If the creditors of one spouse seek to recover the debt owed to them against the matrimonial home then obviously the other spouse will wish to protect their interest in the property. If the property is owned jointly then it should be a simple matter to prove the value of their interest, but what if the property is in the sole name of the debtor spouse?
The most common scenario here is when the debtor spouse is made bankrupt, and the trustee in bankruptcy obtains an order that the house is sold. If the house is clearly owned by the debtor and his/her spouse in equal shares then the trustee will only receive half of the proceeds of sale, to pay to the creditors. On the other hand, if the house is owned solely by the debtor spouse then the trustee will receive the entire proceeds of sale.
It is therefore critical that if the property is ‘owned’ solely by the debtor spouse and the non-debtor spouse seeks a share they must prove that they have an interest in the property. This is normally done by reference to principles that we most often see in cohabitees cases, where one cohabitee claims a share in the property they jointly occupied, which was owned by the other cohabitee. The principles can be quite complicated, but usually involve the non-owner claiming that a trust had been created giving them a share in the property. The trust can be expressly set out in a declaration of trust, it can be ‘constructive’, coming from a joint intention between the parties that the non-owner had an interest, or ‘resulting’, coming from the fact that the non-owner contributed a significant sum towards the purchase or improvement of the property.
I say all of this to (hopefully) clarify what was going on in the case Sparkasse Koln Bonn v Cutts & Another, which concerned a wife’s attempts to establish an interest in the matrimonial home which was in the husband’s sole name, and which the husband’s creditor was seeking to have sold so that the debt could be repaid. The husband owed the creditor some £1.3 million. We are not told the present value of the property, but presumably its net value was worth less than £2.6 million, as the wife was arguing that she had a half share, which would therefore have ‘saved’ part of the net proceeds from falling into the clutches of the creditor.
The property was originally purchased as three flats by the husband in 2002. The flats were subsequently combined into one property, in which the husband and the wife resided. It was not until the wife became aware last year that the creditor was seeking to have the property sold that she asserted, for the first time, that she had an interest in the property.

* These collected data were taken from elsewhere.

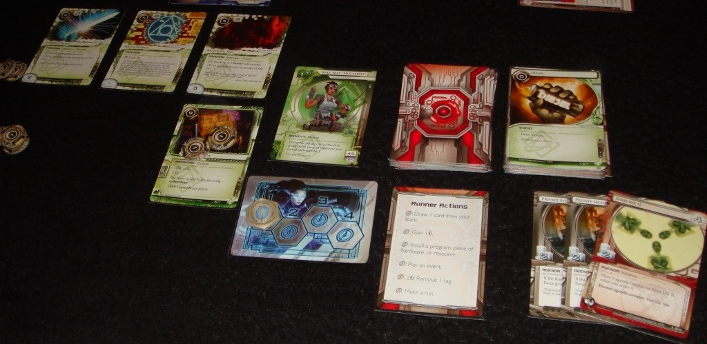 Основной ресурс в игре – кредиты. Ими оплачивается ввод/активация карт, поэтому первостепенная задача для каждой стороны – это иметь в колоде достаточно “денежных” карт. Понятно, что мало их туда просто вложить, нужно чтобы они ещё и вышли в нужный момент. Поэтому нередко возникает ситуация, когда и хакер, и корпорация делают “холостые” ходы, тратя все свои действия на получение монеток.
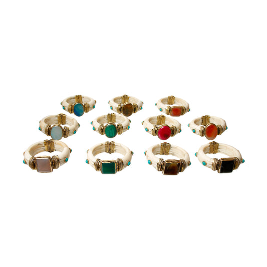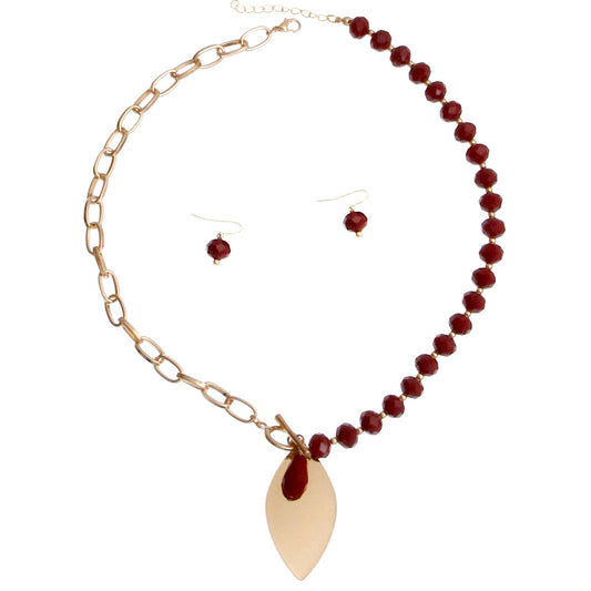 Brown Yellow and Red Bead Collar Long Bib Necklace Set with Cowrie Shell Detail
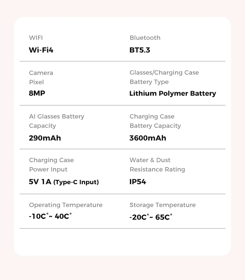 Eyeglass battery: 290mAh /3.8V (3C fast charging, wired)

The wife put forward three arguments to support her claim:
- That she and the husband had signed a declaration of trust in 2003, stating that she had a half interest in the property.
- Alternatively, that a constructive trust had arisen, as she and her husband had a common intention that she should have an equal share.

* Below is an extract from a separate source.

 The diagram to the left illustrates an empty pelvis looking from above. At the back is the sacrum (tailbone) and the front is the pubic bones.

- That in the further alternative, a resulting trust had arisen, due essentially to her contributions towards the property.
The case was heard by Chief Master Marsh in the Chancery Division of the High Court. He dealt with the wife’s three arguments as follows.
As to the declaration of trust, he was suspicious that the wife claimed to have only found it recently. Further, the wife claimed that it had been entered into after the husband had sought to re-mortgage the property to Halifax Plc in 2004, and Halifax had refused to add her name to the mortgage as she was not employed at the time. In fact, the declaration was entered into before this, and in any event the wife was employed in 2004. The declaration also only referred to two of the three flats. Chief Master Marsh concluded:
“…the declaration of trust bears all the hallmarks of a document created long after 2003. In my judgment, it was created recently with a view to using it to minimise the harm created by the judgment obtained by the [creditor] when the point was reached at which [the creditor] ceased to be willing to defer enforcement. It does not have the effect of evidencing [the husband and wife’s] joint intention at the date it bears.”
As to the wife’s constructive trust argument, Chief Master Marsh found that this was inconsistent with the existence of the declaration of trust, that expressly stated that the wife had a half interest.
And as to the resulting trust argument, the wife had failed to produce evidence in support of her claim to have made a financial contribution.
In short, Chief Master Marsh found the arguments put forward by both the wife and the husband (who supported the wife’s claim) to be “an extremely muddled and unconvincing case” that was “an attempt to re-write the clear history” that was set out in the deeds to the property.
The claim was therefore dismissed, and directions were given for the sale to proceed.